Top affordable backup tools for Windows available online
Top affordable backup tools for Windows available online
Hey everyone, just wrapped up setting up my PC. Everything is installed and current. Now all my programs, games, and stuff are ready to go. Before I begin, I want to create a snapshot of my system so I can revert everything if needed. Ghost didn’t work on this build—it doesn’t detect my drives. Since I’m new to this setup, I’m unsure which tools are best or what the right terms mean. I’d like to regularly make full images of all my drives. That way, if a drive fails or gets infected, I can restore it and get back up quickly. It should work no matter the drive size—whether I’m backing up a 500GB SSD or a larger one. Having multiple 3TB drives would be handy too; I wouldn’t want to buy another large drive just for recovery purposes. It shouldn’t matter if the drive is an SSD or HDD, and I’d also like the ability to boot from another drive in case of failure. I heard some backup programs don’t always handle video backups well, so I’m looking for something reliable. AOMEI worked fine for backups, but when I tried recovering my 500GB SSD backup on a 1TB HDD, everything functioned perfectly except for booting from the drive. If my SSD fails unexpectedly during the night and I have important work, I’d hate to be stuck without access. Ideally, I could use my laptop to restore the OS on another drive and boot from it, at least temporarily. I’m not sure if I bought this system locally. Thanks!
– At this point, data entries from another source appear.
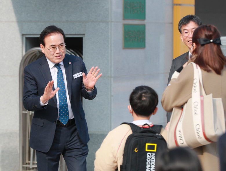 서거석 교육감은 이날 입학식 행사에 참석하기 위해 학교에 첫발을 내딛는 신입생들을 교문 앞에서 맞이하며 힘찬 학교생활을 응원했다.
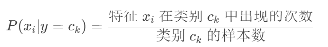 P (c j )代表还没有训练模型之前,根据历史数据/经验估算c j 拥有的初始概率。P (c j )常被称为c j 的先验概率(prior probability) ,它反映了c j 的概率分布,该分布独立于样本。通常可以用样例中属于c j 的样例数|c j |比上总样例数|D|来近似,即:
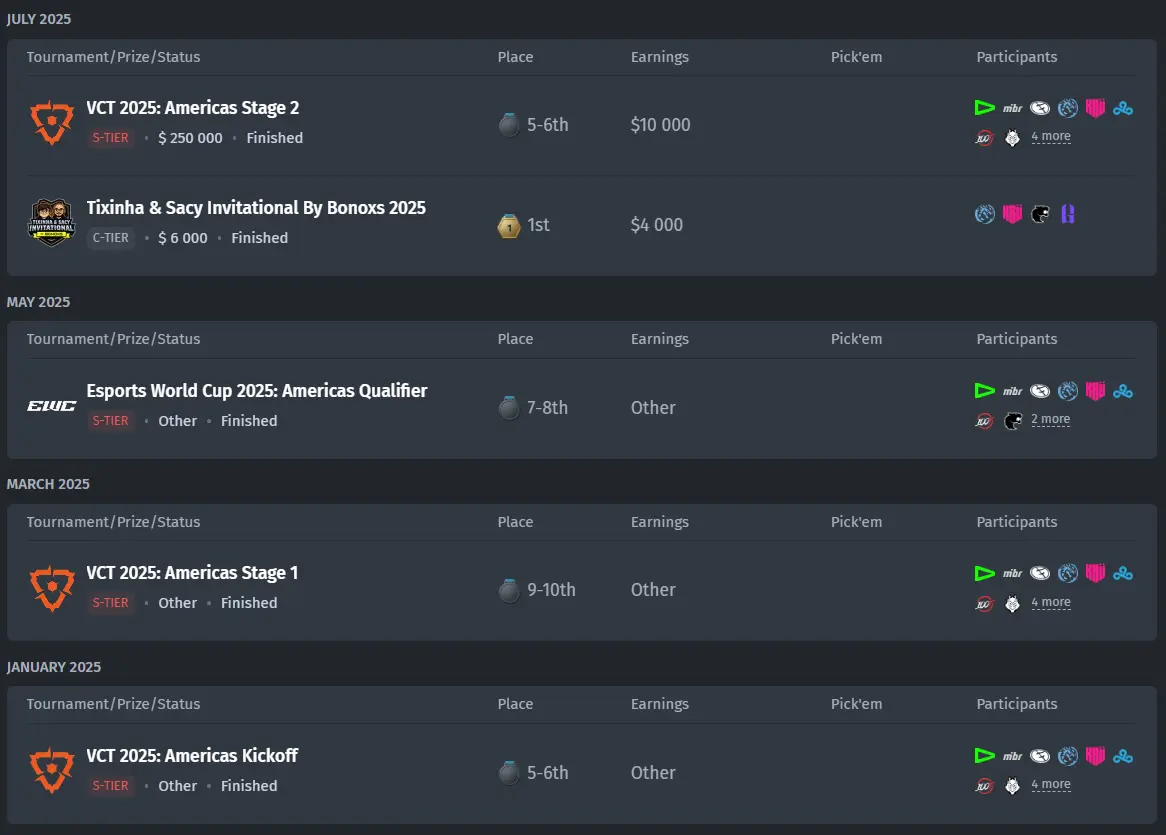 2025 sezonu, Leviatán için en verimli sezonlardan biri değildi. Takım, VCT 2025: Americas Kickoff'ta 5.-6. ve Americas Stage 1'de 9.-10. sırada yer aldı, bu da iki uluslararası Masters etkinliğine katılmalarını engelledi. Sezonun ikinci yarısında, takım yine Americas Stage 2'de ilk 6'da yer aldı ve Dünya Şampiyonası'na katılma hakkı kazanamadı. Bunun ardından sezon Leviatan için sona erdi ve çoğu oyuncu pasif hale geçti ve şimdi resmi olarak kulüpten ayrıldı.

@Enderman @ Altecice does it generate an image of the drive? When I used Ghost, I had a complete backup of all my drives on another HDD and it took less than 100GB. On Aomi it does the same, but it doesn’t allow me to boot from another HDD after recovery. I prefer Ghost, though since this is my first experience with large HDDs and RAID 0 configurations, it doesn’t recognize them. I might need a workaround that requires using two different backup tools. I’m hoping for a solution in one program. The advantage of Ghost was that I didn’t need the Windows OS to run it—I could boot from the Ghost CD, which already had the OS and software installed. As long as the drive is functional and has my backup image, I could recover it even if my C drive failed.
What does a crashplan mean? It's something I've only just learned about.
Yes, you can save all your video media, pictures, and music by converting them into an image format for backup.